__Your instructions__:
Will you return, word for word, only the lines from the top of the data below down to and including the one with "举个例子,假设我们发现请求延"?

[Start of section]

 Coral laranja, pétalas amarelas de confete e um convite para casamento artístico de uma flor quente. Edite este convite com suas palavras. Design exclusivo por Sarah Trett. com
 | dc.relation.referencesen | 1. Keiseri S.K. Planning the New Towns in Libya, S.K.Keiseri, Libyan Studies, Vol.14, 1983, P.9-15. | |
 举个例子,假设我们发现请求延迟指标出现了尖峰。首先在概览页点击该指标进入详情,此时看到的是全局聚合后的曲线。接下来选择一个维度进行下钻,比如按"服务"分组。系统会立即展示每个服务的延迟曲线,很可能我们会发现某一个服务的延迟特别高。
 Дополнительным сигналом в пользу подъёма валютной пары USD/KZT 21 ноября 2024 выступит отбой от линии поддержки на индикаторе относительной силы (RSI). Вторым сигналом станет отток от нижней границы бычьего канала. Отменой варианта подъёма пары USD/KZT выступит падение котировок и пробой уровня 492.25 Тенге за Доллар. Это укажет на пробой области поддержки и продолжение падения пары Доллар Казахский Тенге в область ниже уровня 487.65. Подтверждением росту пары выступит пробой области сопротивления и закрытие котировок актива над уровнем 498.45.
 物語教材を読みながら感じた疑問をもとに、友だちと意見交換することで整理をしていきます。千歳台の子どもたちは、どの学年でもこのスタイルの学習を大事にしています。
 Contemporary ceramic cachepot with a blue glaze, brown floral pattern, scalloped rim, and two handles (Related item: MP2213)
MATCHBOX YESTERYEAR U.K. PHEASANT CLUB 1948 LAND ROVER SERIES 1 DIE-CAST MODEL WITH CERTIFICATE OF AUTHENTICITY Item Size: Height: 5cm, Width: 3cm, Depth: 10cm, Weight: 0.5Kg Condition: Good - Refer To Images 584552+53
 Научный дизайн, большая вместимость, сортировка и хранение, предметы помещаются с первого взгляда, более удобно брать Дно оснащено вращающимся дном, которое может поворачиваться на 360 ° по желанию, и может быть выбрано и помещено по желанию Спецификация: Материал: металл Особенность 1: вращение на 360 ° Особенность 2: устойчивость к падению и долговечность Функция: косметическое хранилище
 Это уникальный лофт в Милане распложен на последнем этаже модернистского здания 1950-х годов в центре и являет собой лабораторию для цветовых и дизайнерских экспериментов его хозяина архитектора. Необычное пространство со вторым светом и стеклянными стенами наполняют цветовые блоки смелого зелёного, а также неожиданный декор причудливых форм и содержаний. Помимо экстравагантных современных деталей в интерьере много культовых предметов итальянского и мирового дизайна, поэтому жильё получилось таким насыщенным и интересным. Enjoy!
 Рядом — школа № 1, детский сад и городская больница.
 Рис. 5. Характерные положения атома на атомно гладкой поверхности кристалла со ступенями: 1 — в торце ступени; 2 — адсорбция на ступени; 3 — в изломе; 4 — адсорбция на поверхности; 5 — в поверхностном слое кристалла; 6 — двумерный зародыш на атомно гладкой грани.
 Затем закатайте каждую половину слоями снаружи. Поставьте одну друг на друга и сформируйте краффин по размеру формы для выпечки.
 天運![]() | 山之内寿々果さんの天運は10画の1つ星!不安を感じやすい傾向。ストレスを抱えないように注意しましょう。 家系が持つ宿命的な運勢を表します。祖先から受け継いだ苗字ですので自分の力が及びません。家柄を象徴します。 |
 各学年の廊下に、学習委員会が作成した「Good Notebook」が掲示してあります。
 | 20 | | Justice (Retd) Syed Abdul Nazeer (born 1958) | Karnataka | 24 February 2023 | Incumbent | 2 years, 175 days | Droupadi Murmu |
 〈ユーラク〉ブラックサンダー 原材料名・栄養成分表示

[End of section]

__Response box__:
 Coral laranja, pétalas amarelas de confete e um convite para casamento artístico de uma flor quente. Edite este convite com suas palavras. Design exclusivo por Sarah Trett. com
 | dc.relation.referencesen | 1. Keiseri S.K. Planning the New Towns in Libya, S.K.Keiseri, Libyan Studies, Vol.14, 1983, P.9-15. | |
 举个例子,假设我们发现请求延迟指标出现了尖峰。首先在概览页点击该指标进入详情,此时看到的是全局聚合后的曲线。接下来选择一个维度进行下钻,比如按"服务"分组。系统会立即展示每个服务的延迟曲线,很可能我们会发现某一个服务的延迟特别高。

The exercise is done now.